It’s not every day you’ll find a person who takes a month and a half off work each year to travel 5,000 miles –– on his own tab – just to spend time volunteering with disabled children in Jerusalem. But for one devout Christian man, Curtis Sparks of Anchorage, Alaska, this has been his routine and calling for the last seven years.
“Learning more about disabilities can make you humble,” says Sparks, 42, as to why he takes on this long-haul volunteer mission every year, usually around May when he can book days off from his job with Hope Community Resources as a live-in caretaker of three disabled men in Anchorage.
This past trip (2012), Sparks brought his eight-year-old son, Tacoma, to join him for the first time as he volunteered at Aleh, Israel’s largest network of residential facilities for children with severe cognitive and physical disabilities. It’s the same place he goes back to every year.
Why would he want to spend his valuable time in Israel?
“I prayed to the Lord to go there, not only to give thanks but to help anyone with disabilities no matter their belief,” he says. “I want to be around these kids all the time so I go there every summer, and go right to the Aleh center. Over the years I’ve got a chance to learn more about them and send them cards, to develop more than a friendship – to develop a family.”
Centers of support
Aleh (the word in Hebrew means “leaf” and also “go up”) has centers in Jerusalem, Bnei Brak, Gedera and the Negev. Some of the children who are treated there, or live there, have cerebral palsy or debilitating genetic diseases. Others have suffered severe brain damage or physical injury.

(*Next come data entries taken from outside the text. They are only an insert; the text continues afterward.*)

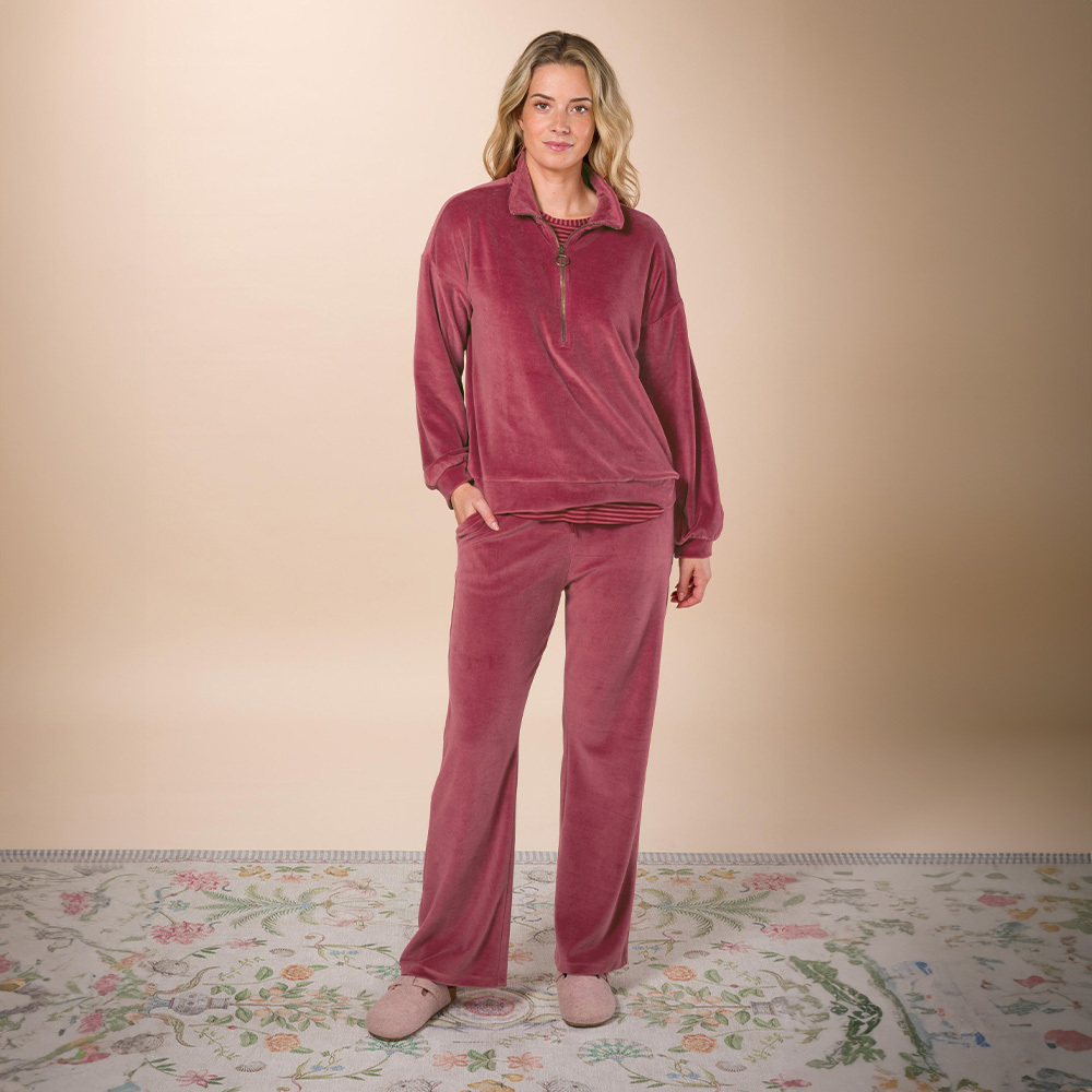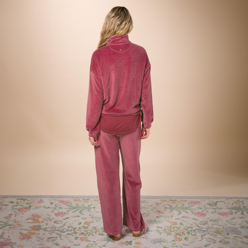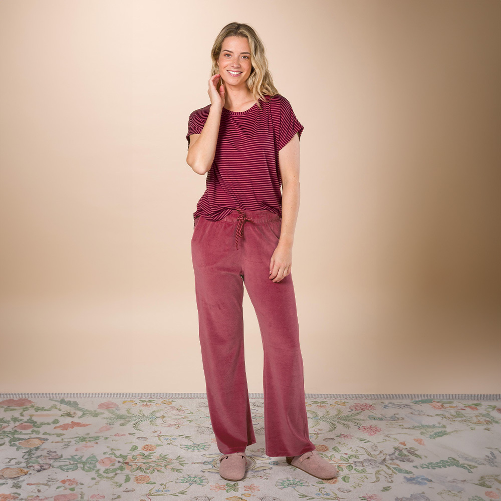 Britta 天鵝絨純色深粉紅色長褲將舒適與時尚完美結合。這款褲子採用奢華天鵝絨、80% 棉和 20% 聚酯纖維製成,彈性極佳,穿著舒適。鬆緊腰帶和條紋平紋針織抽繩確保完美貼合,直筒褲管和微喇剪裁打造優雅外觀。純色深粉紅色設計使這款褲子成為美麗的基本款,您可以輕鬆混搭。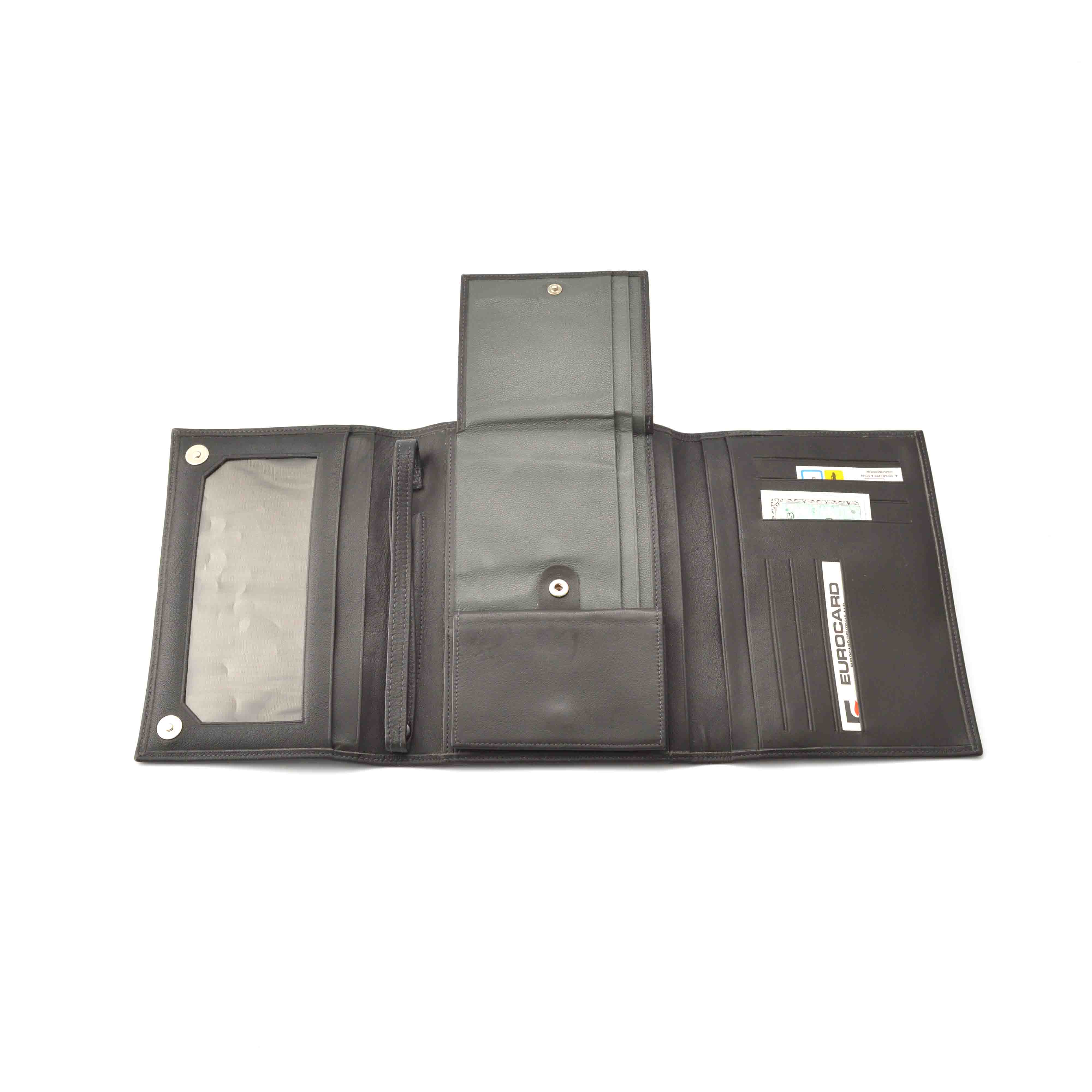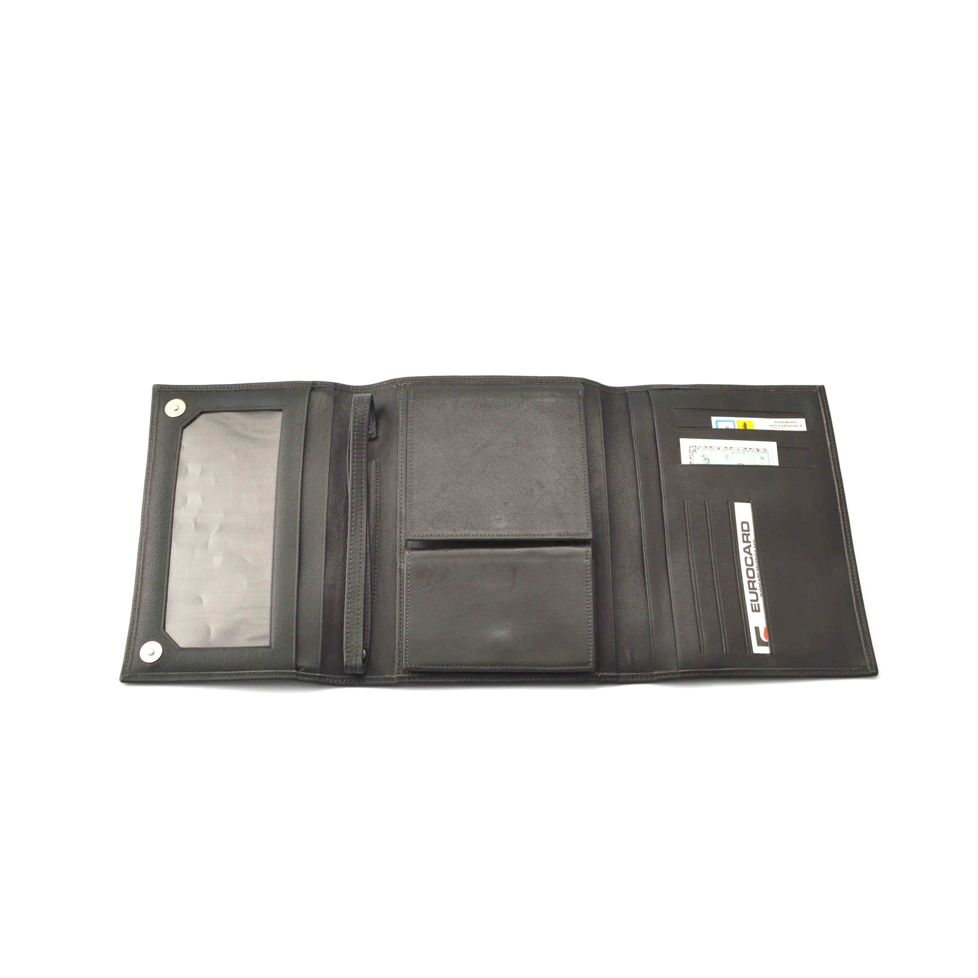 右面にはカードをしまっておけるスリットが8つ。左面には窓付きの大きなポケットがあります。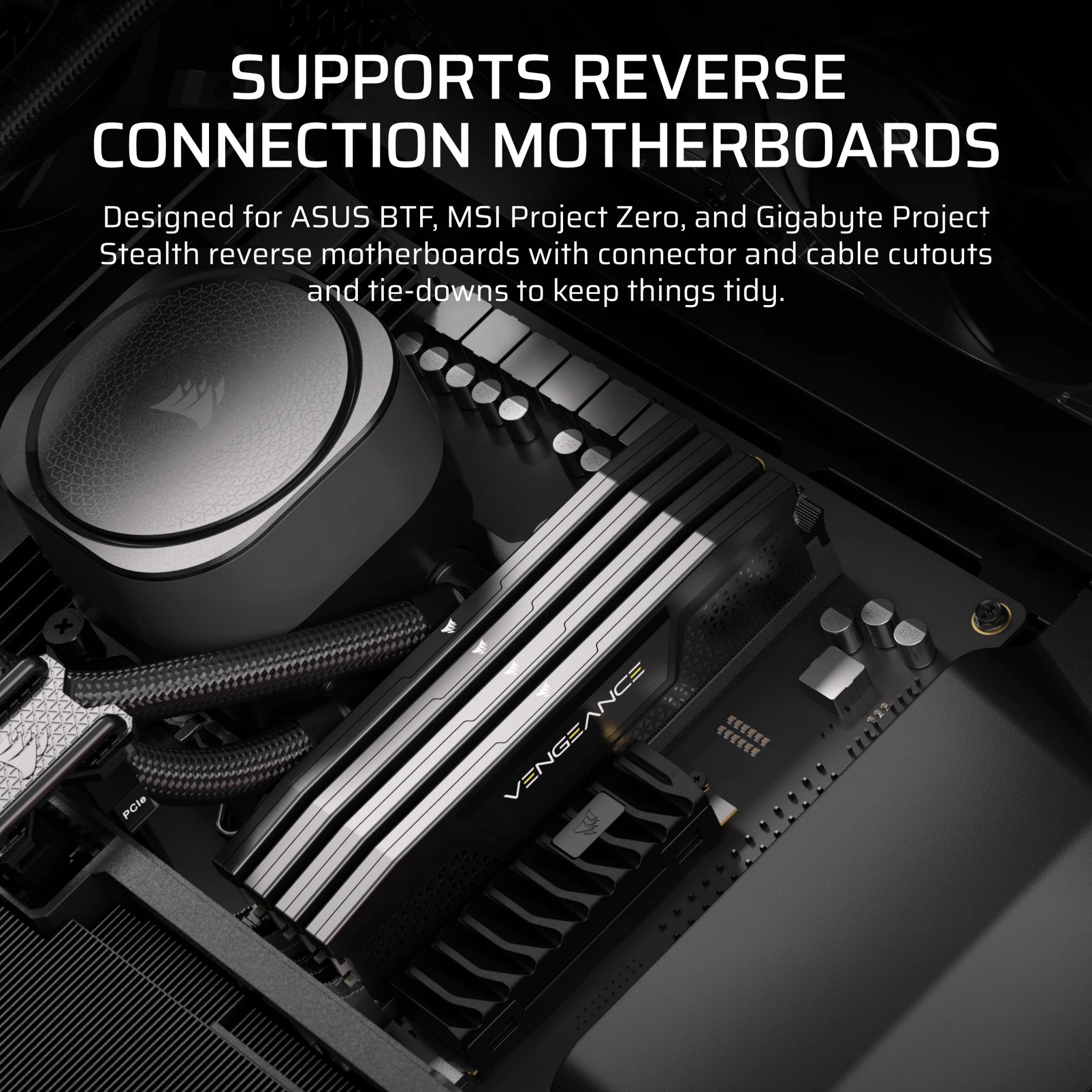 Fully compatible with reverse-connector motherboards from Asus, MSI, and Gigabyte, allowing for unobstructed airflow and a super-clean build.

It’s often the last option for parents who understand that they cannot keep high-needs children at home, and it currently houses 650 children, 24 hours a day, every day of the year. The center also provides a day service for thousands of children who need special education and activities, but who can still live at home.
Aleh’s creed is to treat children with disabilities like any other children. Some dream of going to the beach, and Aleh will help take them there. For others, just getting the basic respiratory equipment to help them stay alive is enough.
Aleh was founded in 1982 by parents from Bnei Brak, an Orthodox Jewish community in Israel, who needed a solution for their severely disabled children.
While adhering to the religious code of conduct for Orthodox Jews, such as observing the Sabbath, maintaining a strict kosher diet and keeping the rules of modest dress, Aleh opens its doors to children from all walks of life -- religious, secular and non-Jewish.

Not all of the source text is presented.